### Excerpted records
<<<<
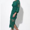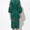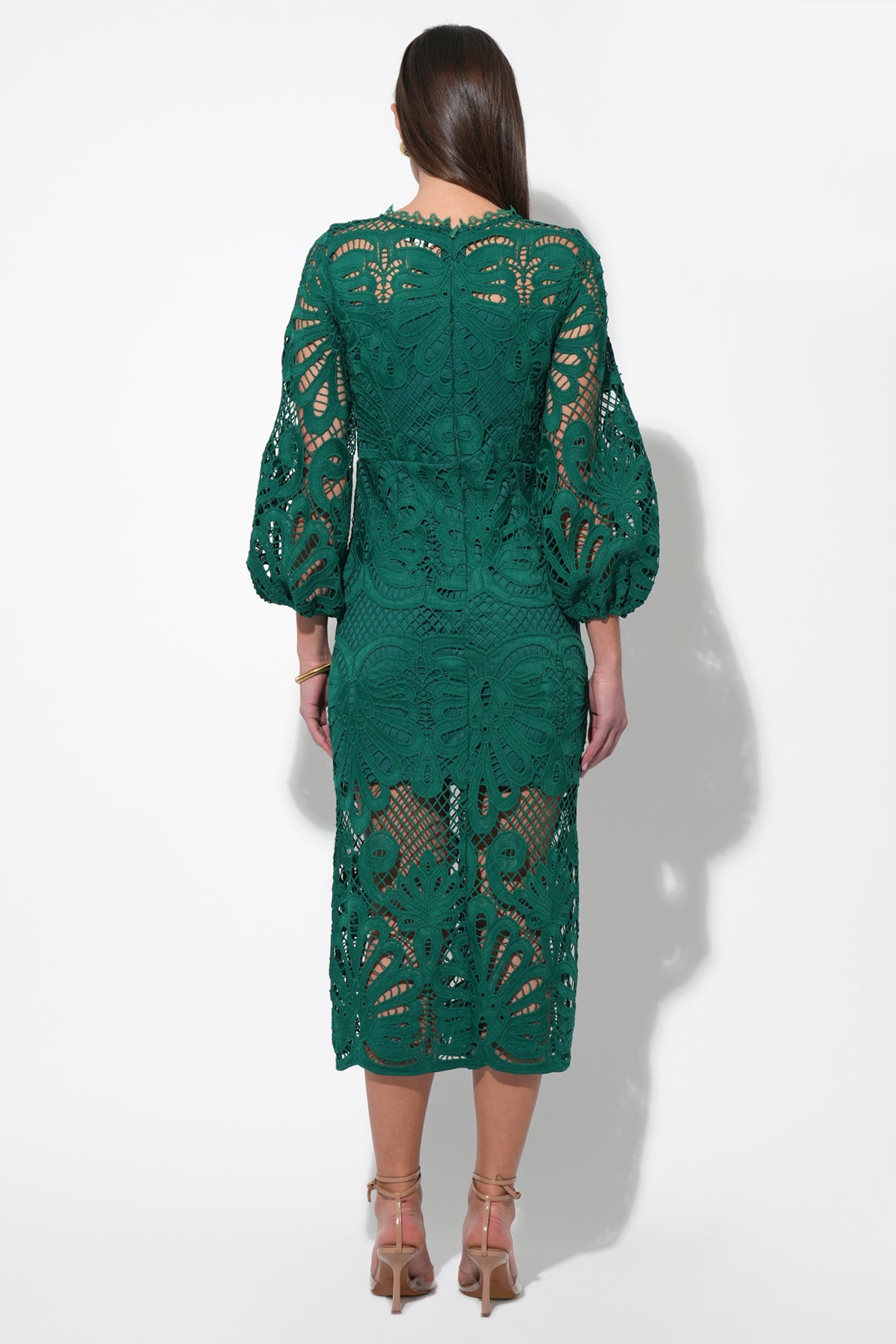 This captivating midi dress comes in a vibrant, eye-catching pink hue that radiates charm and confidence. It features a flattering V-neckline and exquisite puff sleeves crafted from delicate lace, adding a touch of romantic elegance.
>>>>
<<<<
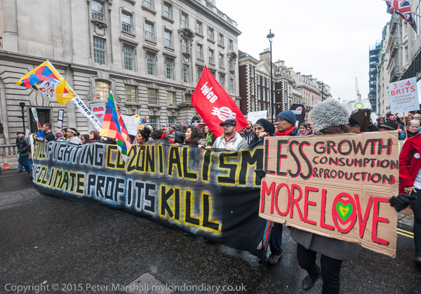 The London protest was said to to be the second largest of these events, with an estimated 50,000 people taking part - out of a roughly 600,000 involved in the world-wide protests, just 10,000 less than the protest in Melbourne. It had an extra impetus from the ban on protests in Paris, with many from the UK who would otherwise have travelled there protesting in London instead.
>>>>
<<<<
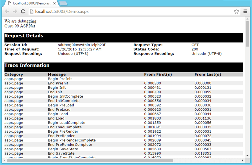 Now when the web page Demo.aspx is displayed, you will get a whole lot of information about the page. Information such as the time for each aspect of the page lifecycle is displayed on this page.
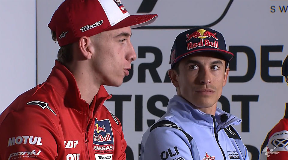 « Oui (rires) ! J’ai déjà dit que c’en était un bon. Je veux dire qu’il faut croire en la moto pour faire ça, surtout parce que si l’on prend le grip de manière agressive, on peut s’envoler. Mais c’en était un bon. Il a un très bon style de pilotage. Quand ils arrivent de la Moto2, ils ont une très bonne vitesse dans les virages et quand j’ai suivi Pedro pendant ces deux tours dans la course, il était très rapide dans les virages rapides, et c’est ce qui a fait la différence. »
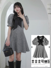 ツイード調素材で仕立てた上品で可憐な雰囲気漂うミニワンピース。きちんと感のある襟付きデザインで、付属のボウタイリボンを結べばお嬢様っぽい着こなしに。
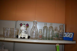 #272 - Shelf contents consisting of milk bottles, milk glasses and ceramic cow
>>>>
### Assignment
Only one stretch of the data is wanted: write out exactly the lines from the one holding "Now when the" through the one holding "#272 - Shelf", both included, without the pictures.

### Result for this task
 Now when the web page Demo.aspx is displayed, you will get a whole lot of information about the page. Information such as the time for each aspect of the page lifecycle is displayed on this page.
 « Oui (rires) ! J’ai déjà dit que c’en était un bon. Je veux dire qu’il faut croire en la moto pour faire ça, surtout parce que si l’on prend le grip de manière agressive, on peut s’envoler. Mais c’en était un bon. Il a un très bon style de pilotage. Quand ils arrivent de la Moto2, ils ont une très bonne vitesse dans les virages et quand j’ai suivi Pedro pendant ces deux tours dans la course, il était très rapide dans les virages rapides, et c’est ce qui a fait la différence. »
 ツイード調素材で仕立てた上品で可憐な雰囲気漂うミニワンピース。きちんと感のある襟付きデザインで、付属のボウタイリボンを結べばお嬢様っぽい着こなしに。
 #272 - Shelf contents consisting of milk bottles, milk glasses and ceramic cow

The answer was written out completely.